The utilization of PoseIG is based on the example from https://github.com/leoxiaobin/deep-high-resolution-net.pytorch. Therefore, instruction to set up as well as the main programme is similar to the original repository. For illustration to use PoseIG, we use MSCOCO as the example.
-
Install pytorch >= v1.0.0 following official instruction. Note that if you use pytorch's version < v1.0.0, you should following the instruction at https://github.com/Microsoft/human-pose-estimation.pytorch to disable cudnn's implementations of BatchNorm layer. We encourage you to use higher pytorch's version(>=v1.0.0)
-
Clone this repo, and we'll call the directory that you cloned as ${POSE_ROOT}.
-
Install dependencies:
pip install -r requirements.txt
-
Make libs:
cd ${POSE_ROOT}/lib make
-
Install COCOAPI:
# COCOAPI=/path/to/clone/cocoapi git clone https://github.com/cocodataset/cocoapi.git $COCOAPI cd $COCOAPI/PythonAPI # Install into global site-packages make install # Alternatively, if you do not have permissions or prefer # not to install the COCO API into global site-packages python3 setup.py install --user
Note that instructions like # COCOAPI=/path/to/install/cocoapi indicate that you should pick a path where you'd like to have the software cloned and then set an environment variable (COCOAPI in this case) accordingly.
-
Init output(training model output directory) and log(tensorboard log directory) directory:
mkdir output mkdir log
Your directory tree should look like this:
${POSE_ROOT} ├── data ├── experiments ├── lib ├── log ├── models ├── output ├── tools ├── README.md └── requirements.txt
-
Download pretrained models from our model zoo(GoogleDrive or OneDrive)

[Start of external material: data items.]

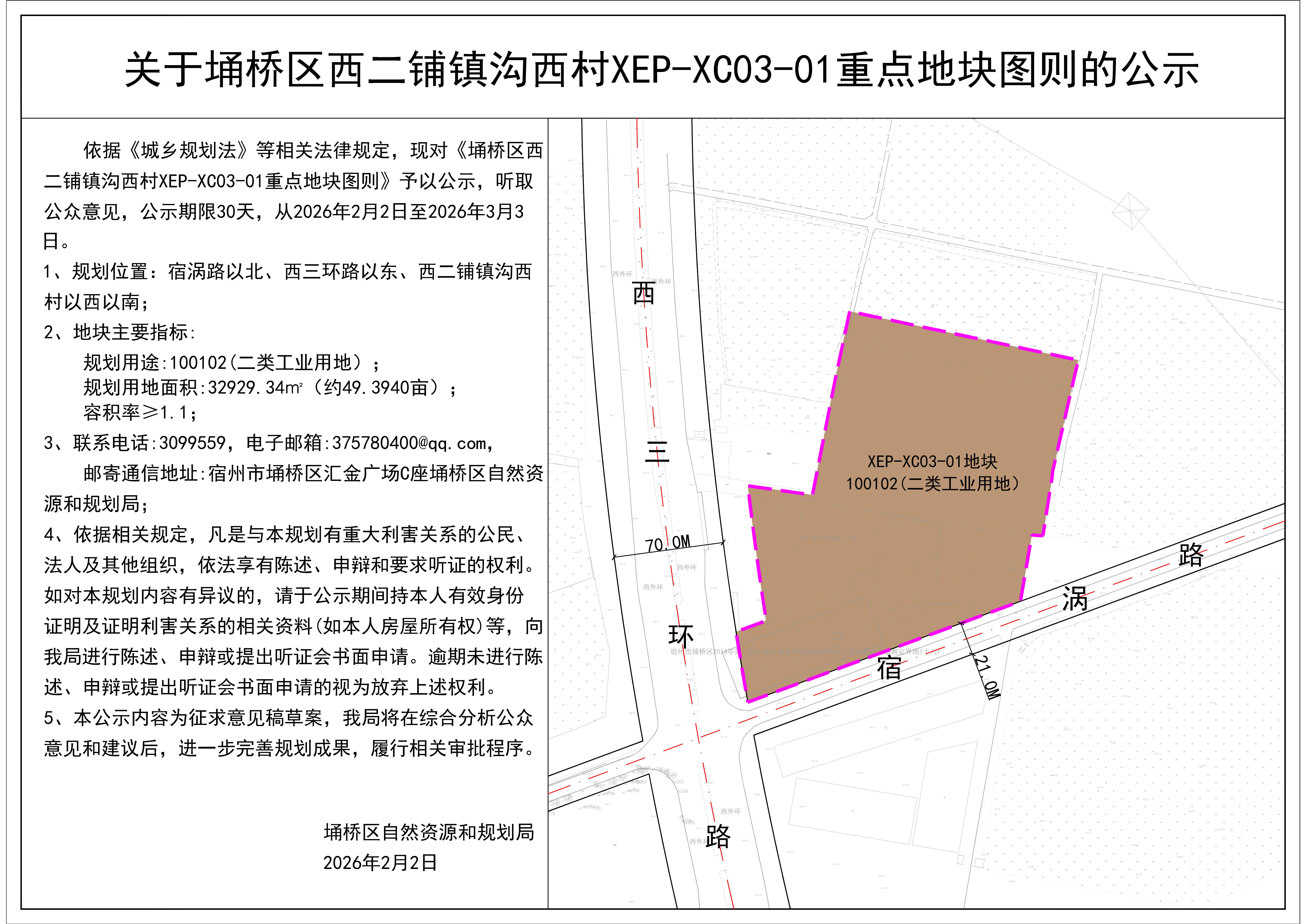 关于埇桥区西二铺镇沟西村EP-XC03-01重点地块图则的公示
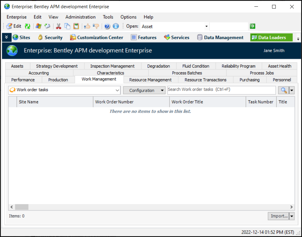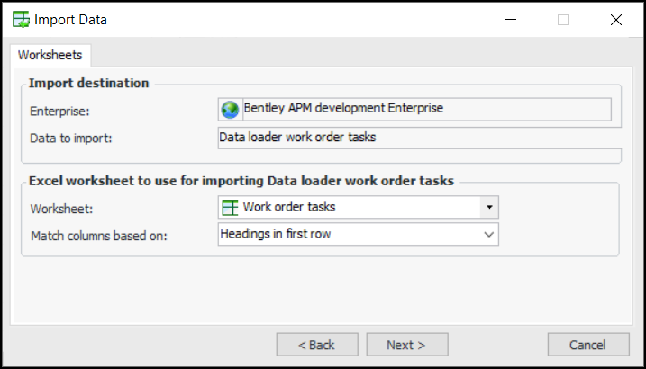 When you wish to populate an APM database with multiple work order tasks, APM data loading provides an alternative to manual data entry: you can import work orders and their tasks from a Microsoft Excel® workbook. You can also update the properties of existing work order tasks using the Import Data wizard.While using the Import Data wizard, you can set an option to process data immediately. If no errors are found in the imported data, the data is added to the specified APM site. If you do not select Process Immediately, the job remains in the process jobs queue until processing is initiated.After the information has been processed, an entry appears in the Data Import Requests tab on the Data Management view. The import worksheet and a results worksheet that includes each record’s import status and error, if any, are attached to the import request.
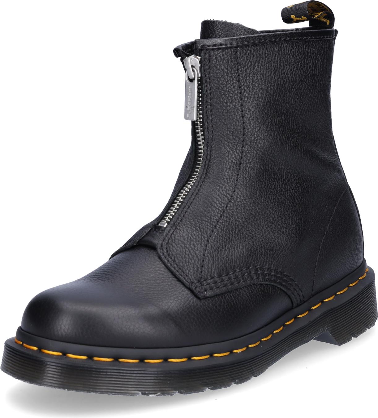 Martens ist ein klassischer Boot — neu interpretiert mit weichem, feinkörnigem Virginia-Leder, das sich bereits beim ersten Tragen geschmeidig anfühlt. Typisch sind die markante gelbe Rahmennaht, die robuste, profilierte AirCushion-Sohle und die stabile Goodyear-Rahmennähung. Das Innenfutter ist eine Kombination aus Leder und Textil — für Komfort und Atmungsaktivität. ReißverschlussZuglasche gelbe Rahmennaht
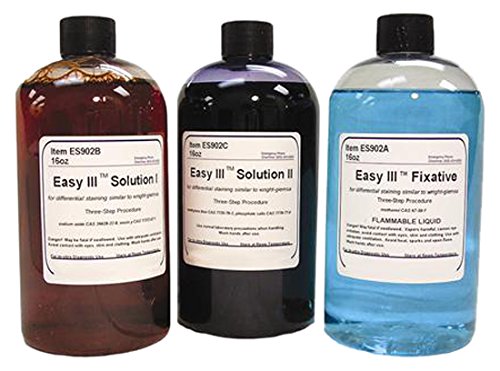 Azer scientific offers easy III, a three-step rapid Differential stain. These products have been routinely used for Differential staining of blood smears, blood parasites, microbiological organisms and bone marrow specimens. Easy III has extensive applicability in cytology for use in fine needle aspiration analysis. The product will process a specimen in 30 Seconds and utilize a fixative and two staining solutions to achieve the desired results.
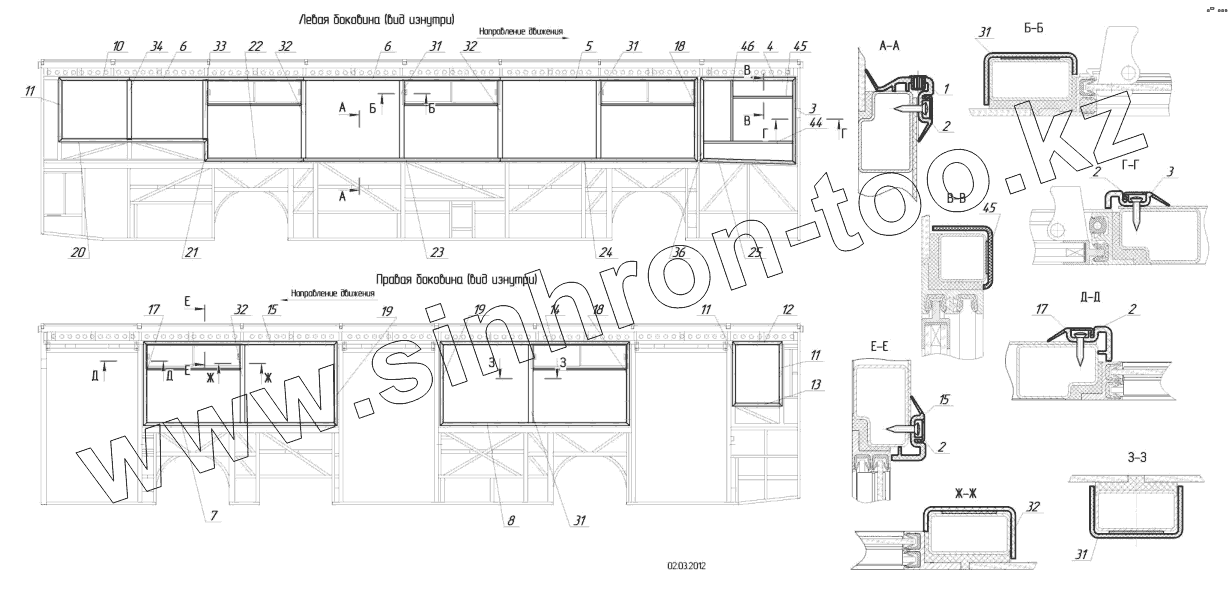 Каталог запасных частей к технике: Нефтекамский автозавод НефАЗ–5299-10-32. 5299-5403100 – Окантовка окон

${POSE_ROOT} `-- models `-- pytorch |-- pose_coco | |-- pose_hrnet_w32_256x192.pth | |-- pose_hrnet_w32_384x288.pth | |-- pose_hrnet_w48_256x192.pth | |-- pose_hrnet_w48_384x288.pth | |-- pose_resnet_101_256x192.pth | |-- pose_resnet_101_384x288.pth | |-- pose_resnet_152_256x192.pth | |-- pose_resnet_152_384x288.pth | |-- pose_resnet_50_256x192.pth | `-- pose_resnet_50_384x288.pth
For COCO data, please download from COCO download, 2017 Train/Val is needed for COCO keypoints training and validation. We also provide person detection result of COCO val2017 and test-dev2017 to reproduce our multi-person pose estimation results. Please download from OneDrive or GoogleDrive. Download and extract them under {POSE_ROOT}/data, and make them look like this:
${POSE_ROOT}
|-- data
`-- |-- coco
`-- |-- annotations
| |-- person_keypoints_train2017.json
| `-- person_keypoints_val2017.json
|-- person_detection_results
| |-- COCO_val2017_detections_AP_H_56_person.json
| |-- COCO_test-dev2017_detections_AP_H_609_person.json
`-- images
|-- train2017
| |-- 000000000009.jpg
| |-- 000000000025.jpg
| |-- 000000000030.jpg
| |-- ...
`-- val2017
|-- 000000000139.jpg
|-- 000000000285.jpg
|-- 000000000632.jpg
|-- ...
Testing on COCO val2017 dataset using model zoo's models(GoogleDrive or OneDrive)
load_ig
: True if directly loading ig from dist, throw exception if ig haven't been computed.
save_ig
: True if saving ig to dist.
python tools/test.py --poseig --save_ig --cfg experiments/coco/resnet/res50_256x192_d256x3_adam_lr1e-3.yaml TEST.MODEL_FILE models/pytorch/pose_coco/pose_resnet_50_256x192.pth TEST.USE_GT_BBOX True
python tools/test.py --epe --cfg experiments/coco/resnet/res50_256x192_d256x3_adam_lr1e-3.yaml TEST.MODEL_FILE models/pytorch/pose_coco/pose_resnet_50_256x192.pth TEST.USE_GT_BBOX True
Prerequiste: PoseIG of requested sample is computed and saved.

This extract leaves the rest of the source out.